- _WORK TASK_
Wherever the line with "ISO/IEC27001:2" sits in the listing below, transcribe from it up to and including the line with "Steampunk Tank Top Denim Corset", exactly, and leave the remaining lines out.

─── INPUT FOR THIS TASK ───

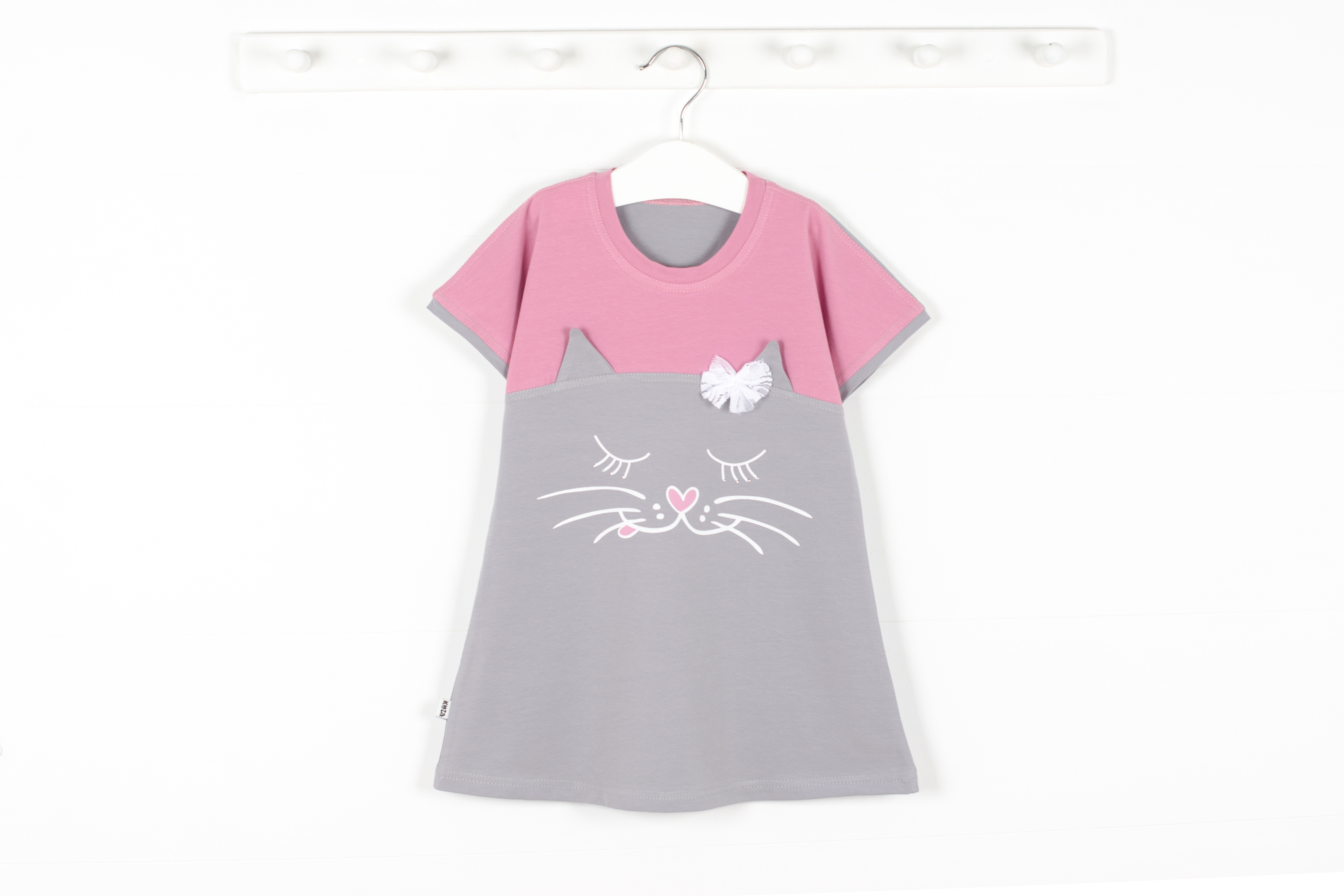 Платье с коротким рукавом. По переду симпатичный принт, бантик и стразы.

───
─── INPUT FOR THIS TASK ───

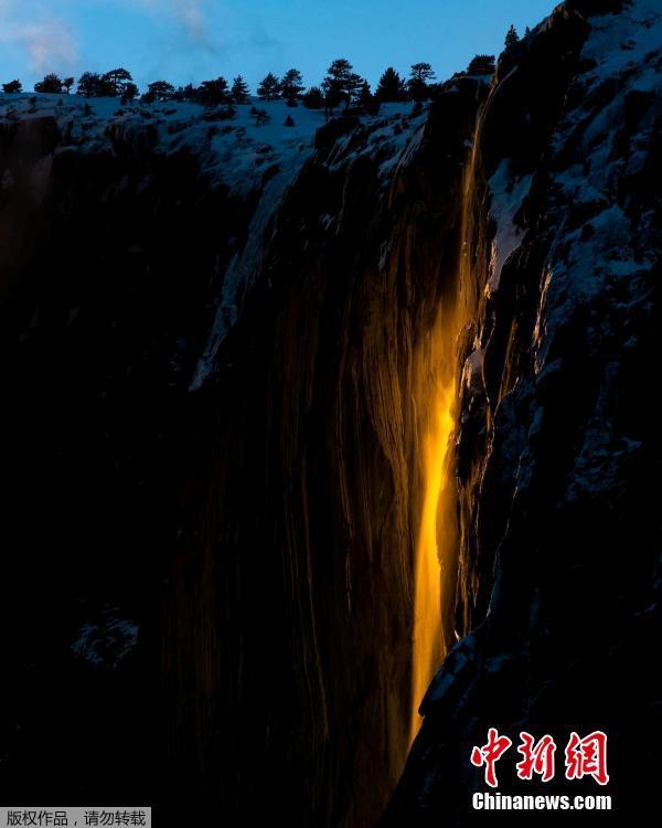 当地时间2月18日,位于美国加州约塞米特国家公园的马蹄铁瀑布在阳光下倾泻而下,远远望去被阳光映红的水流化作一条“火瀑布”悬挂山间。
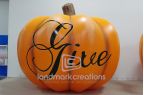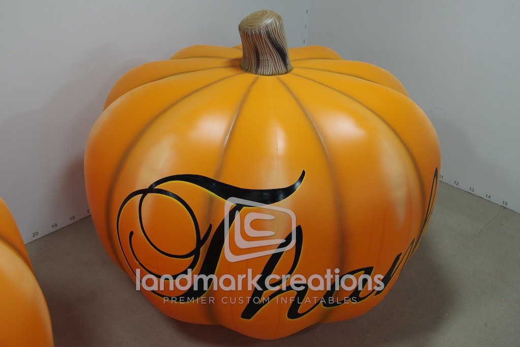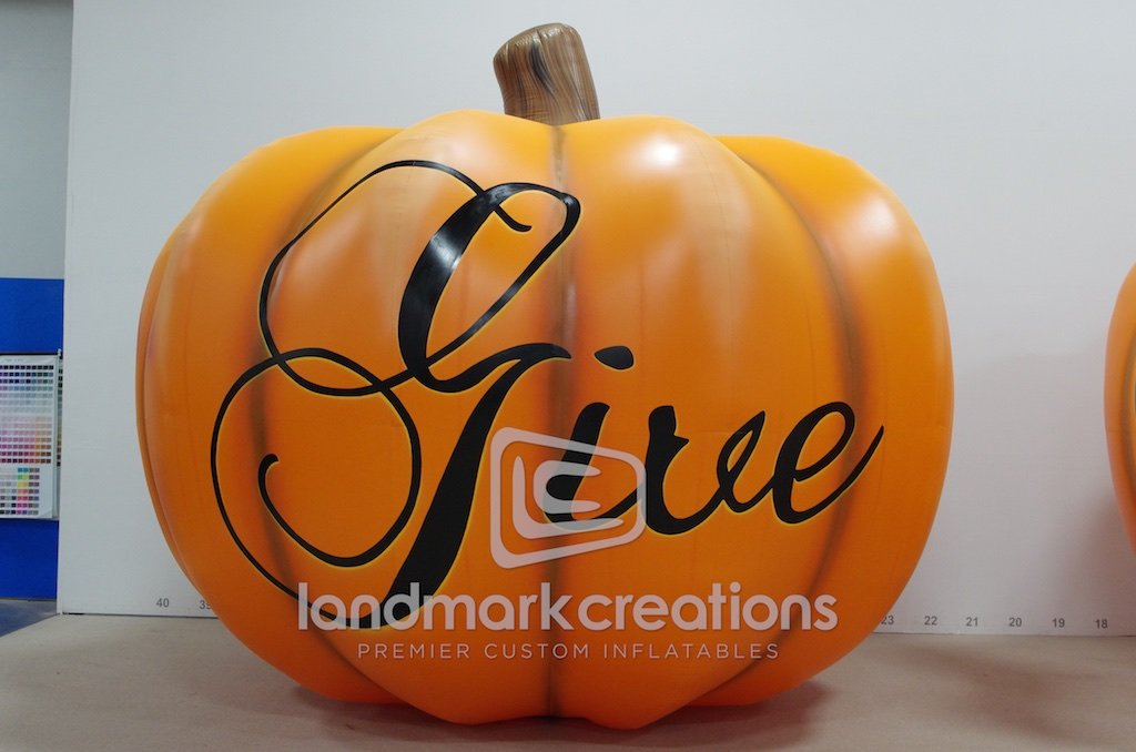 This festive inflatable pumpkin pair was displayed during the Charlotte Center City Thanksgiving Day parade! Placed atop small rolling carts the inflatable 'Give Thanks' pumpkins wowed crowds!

───
─── INPUT FOR THIS TASK ───

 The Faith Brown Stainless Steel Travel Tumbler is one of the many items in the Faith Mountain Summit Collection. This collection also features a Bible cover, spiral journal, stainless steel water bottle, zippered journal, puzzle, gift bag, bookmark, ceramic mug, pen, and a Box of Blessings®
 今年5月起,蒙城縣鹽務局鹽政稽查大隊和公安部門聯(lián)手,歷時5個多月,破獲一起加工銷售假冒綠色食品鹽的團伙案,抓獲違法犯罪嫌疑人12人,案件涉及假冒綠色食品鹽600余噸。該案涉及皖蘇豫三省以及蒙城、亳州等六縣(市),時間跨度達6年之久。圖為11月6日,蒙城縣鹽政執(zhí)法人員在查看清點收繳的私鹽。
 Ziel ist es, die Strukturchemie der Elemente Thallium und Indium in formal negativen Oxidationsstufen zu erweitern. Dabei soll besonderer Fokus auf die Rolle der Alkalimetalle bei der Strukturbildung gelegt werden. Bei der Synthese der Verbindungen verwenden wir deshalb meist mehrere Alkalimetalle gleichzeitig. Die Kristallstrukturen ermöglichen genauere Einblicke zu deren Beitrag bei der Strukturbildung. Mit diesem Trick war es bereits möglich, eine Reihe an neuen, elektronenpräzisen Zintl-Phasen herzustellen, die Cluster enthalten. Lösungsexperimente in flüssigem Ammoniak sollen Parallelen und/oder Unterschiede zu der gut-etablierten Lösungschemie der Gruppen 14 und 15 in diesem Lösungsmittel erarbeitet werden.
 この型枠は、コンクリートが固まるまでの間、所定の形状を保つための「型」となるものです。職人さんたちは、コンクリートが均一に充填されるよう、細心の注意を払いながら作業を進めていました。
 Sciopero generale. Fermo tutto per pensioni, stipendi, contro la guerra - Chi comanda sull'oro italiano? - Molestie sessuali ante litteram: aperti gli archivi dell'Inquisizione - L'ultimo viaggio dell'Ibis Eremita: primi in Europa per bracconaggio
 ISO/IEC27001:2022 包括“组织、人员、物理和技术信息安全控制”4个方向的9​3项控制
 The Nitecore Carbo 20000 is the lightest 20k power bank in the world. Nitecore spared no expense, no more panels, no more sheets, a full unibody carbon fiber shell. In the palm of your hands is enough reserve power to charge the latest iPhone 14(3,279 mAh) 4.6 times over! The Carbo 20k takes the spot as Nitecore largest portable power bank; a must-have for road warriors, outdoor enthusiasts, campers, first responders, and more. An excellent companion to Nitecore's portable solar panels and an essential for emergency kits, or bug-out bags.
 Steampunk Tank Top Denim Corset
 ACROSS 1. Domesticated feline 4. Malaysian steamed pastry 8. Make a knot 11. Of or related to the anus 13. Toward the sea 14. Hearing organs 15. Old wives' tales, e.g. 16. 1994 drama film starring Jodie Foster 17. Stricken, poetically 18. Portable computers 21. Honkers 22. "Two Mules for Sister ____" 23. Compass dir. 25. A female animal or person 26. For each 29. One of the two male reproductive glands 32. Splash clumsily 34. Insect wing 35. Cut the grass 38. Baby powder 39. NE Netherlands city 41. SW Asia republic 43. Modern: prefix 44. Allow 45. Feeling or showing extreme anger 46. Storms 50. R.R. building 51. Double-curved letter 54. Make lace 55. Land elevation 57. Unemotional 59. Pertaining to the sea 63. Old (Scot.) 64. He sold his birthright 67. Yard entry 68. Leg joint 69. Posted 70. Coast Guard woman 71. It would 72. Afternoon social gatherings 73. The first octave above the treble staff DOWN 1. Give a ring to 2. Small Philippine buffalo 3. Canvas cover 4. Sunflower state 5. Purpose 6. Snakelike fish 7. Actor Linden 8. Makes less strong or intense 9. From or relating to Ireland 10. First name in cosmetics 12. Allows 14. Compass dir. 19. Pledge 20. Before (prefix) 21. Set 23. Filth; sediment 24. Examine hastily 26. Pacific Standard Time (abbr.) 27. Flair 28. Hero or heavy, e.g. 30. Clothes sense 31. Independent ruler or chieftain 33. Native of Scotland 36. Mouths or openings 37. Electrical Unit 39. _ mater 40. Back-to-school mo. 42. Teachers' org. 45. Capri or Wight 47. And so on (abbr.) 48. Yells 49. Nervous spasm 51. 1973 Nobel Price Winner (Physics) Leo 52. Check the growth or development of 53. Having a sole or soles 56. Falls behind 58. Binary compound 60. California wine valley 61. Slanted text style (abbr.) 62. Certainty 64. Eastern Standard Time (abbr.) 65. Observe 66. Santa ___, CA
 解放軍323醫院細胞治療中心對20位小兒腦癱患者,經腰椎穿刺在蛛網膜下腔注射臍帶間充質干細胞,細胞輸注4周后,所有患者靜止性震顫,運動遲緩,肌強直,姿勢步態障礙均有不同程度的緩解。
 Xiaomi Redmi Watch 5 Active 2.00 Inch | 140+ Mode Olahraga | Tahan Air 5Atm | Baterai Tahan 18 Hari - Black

───

- _EXERCISE OUTPUT_
 ISO/IEC27001:2022 包括“组织、人员、物理和技术信息安全控制”4个方向的9​3项控制
 The Nitecore Carbo 20000 is the lightest 20k power bank in the world. Nitecore spared no expense, no more panels, no more sheets, a full unibody carbon fiber shell. In the palm of your hands is enough reserve power to charge the latest iPhone 14(3,279 mAh) 4.6 times over! The Carbo 20k takes the spot as Nitecore largest portable power bank; a must-have for road warriors, outdoor enthusiasts, campers, first responders, and more. An excellent companion to Nitecore's portable solar panels and an essential for emergency kits, or bug-out bags.
 Steampunk Tank Top Denim Corset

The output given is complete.